● **Data segment**
%%

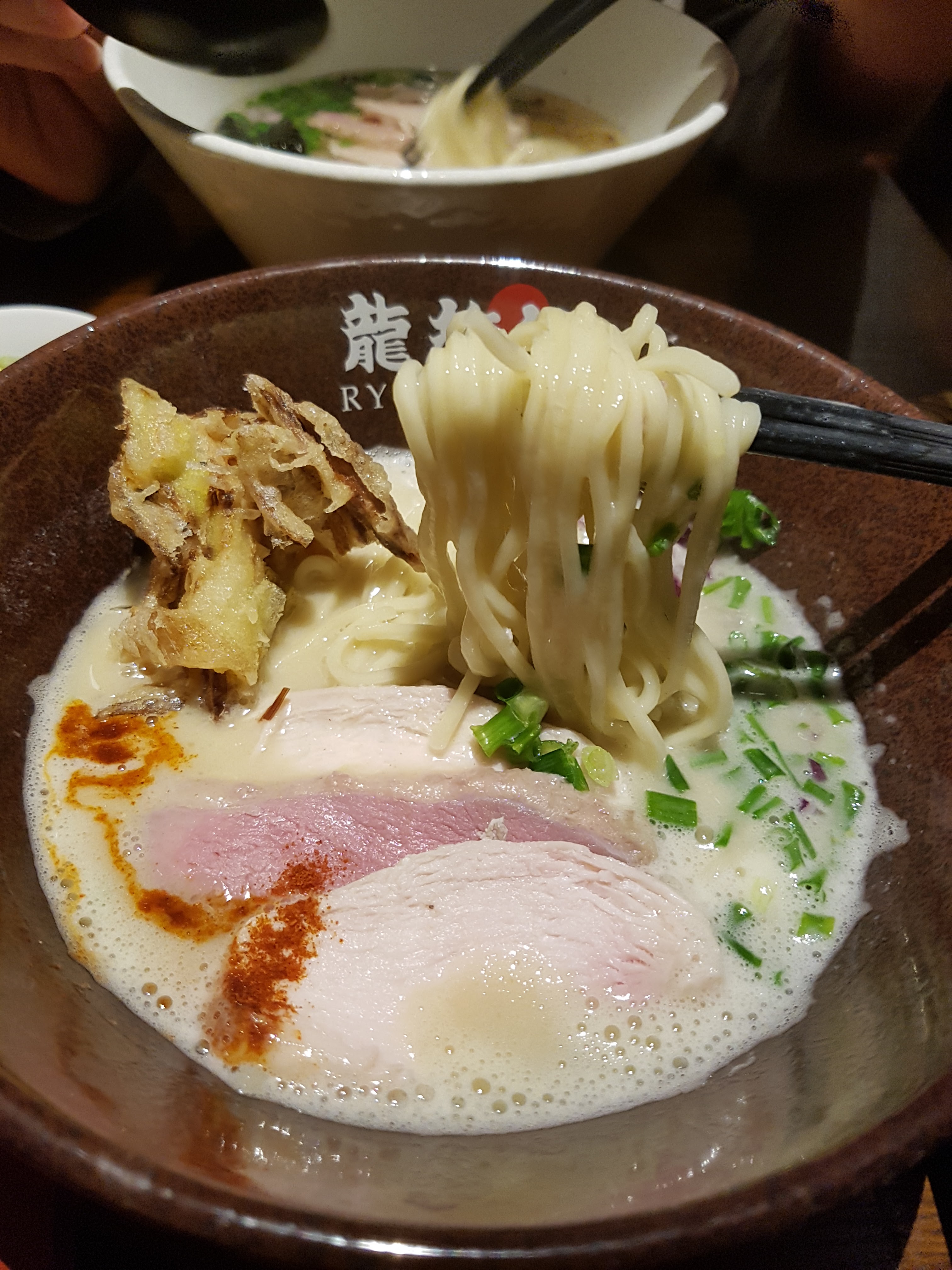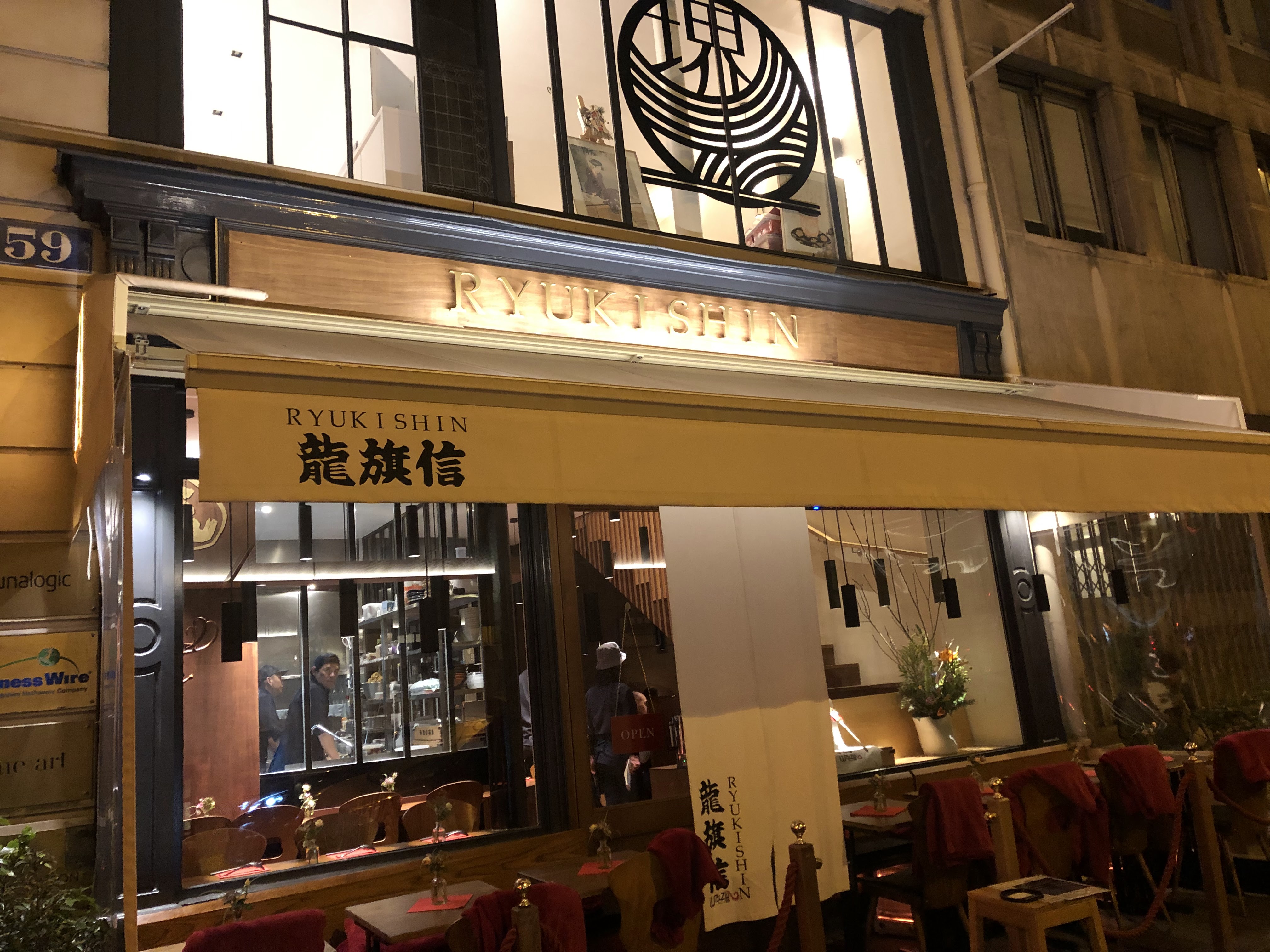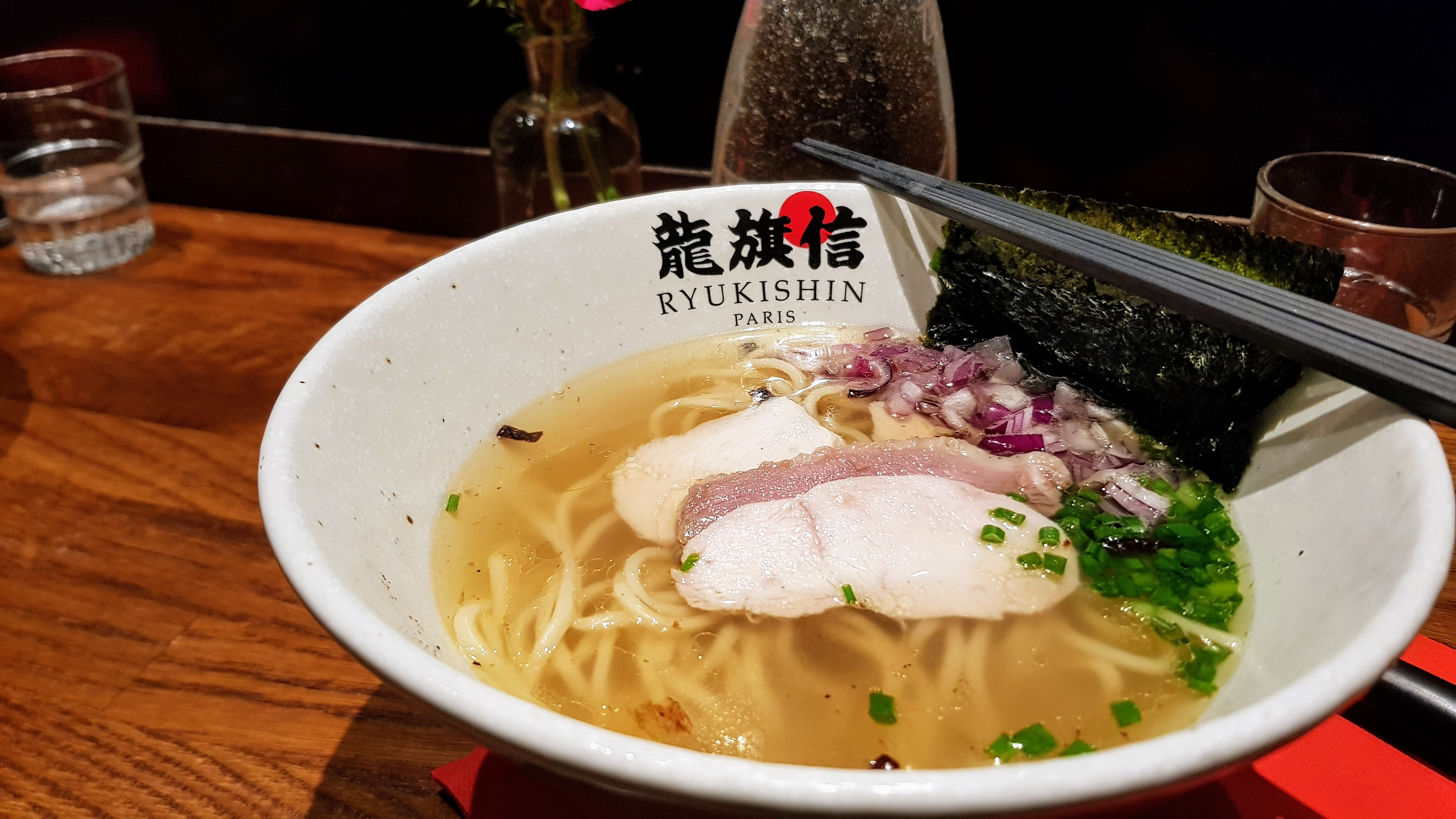 Pas de porc à la carte : les plats sont à base de poulet, canard, végétariens ou vegan. Loin d’un positionnement street-food, Ryukishin joue la carte du raffinement et de l’équilibre de saveurs. À ~20€ le bol de ramen ou tsukemen, pensez à prendre la portion supplémentaire de nouilles (+2€) si vous êtes habitués aux concurrents moins haut-de-gamme du quartier. L’ambiance est particulièrement tamisée & le service adorable.
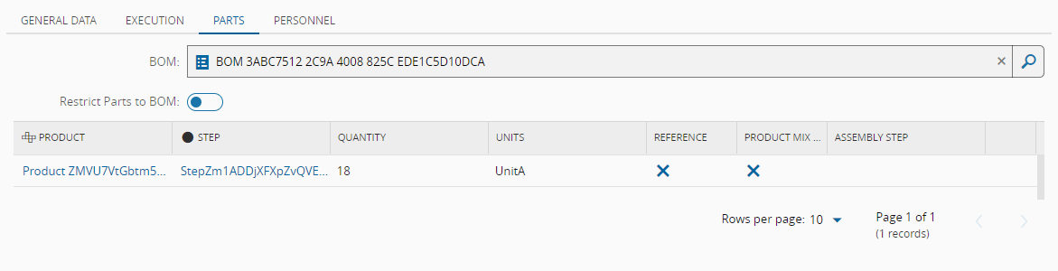 The parts tab define the bill of parts, expressed as a Bill-of-Materials (BOM), for the maintenance task. It's necessary to define:
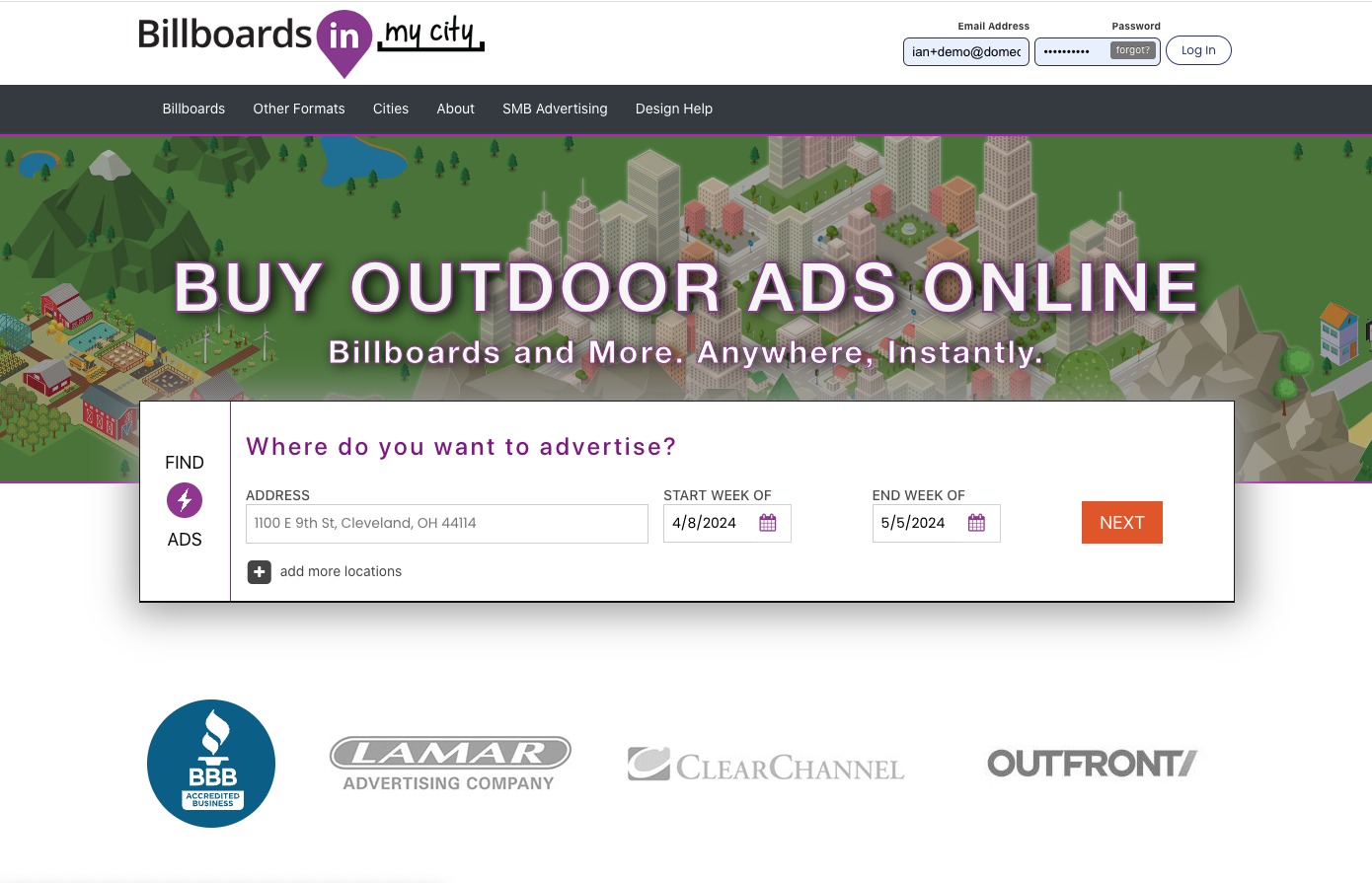 Served as primary product manager, designer and user researcher for BillboardsIn.

%%

● **Exercise instructions**
Copy out exactly the lines that run from the line containing "The parts tab" through the last line of the material, and nothing more; omit the pictures.

● **Expected output**
 The parts tab define the bill of parts, expressed as a Bill-of-Materials (BOM), for the maintenance task. It's necessary to define:
 Served as primary product manager, designer and user researcher for BillboardsIn.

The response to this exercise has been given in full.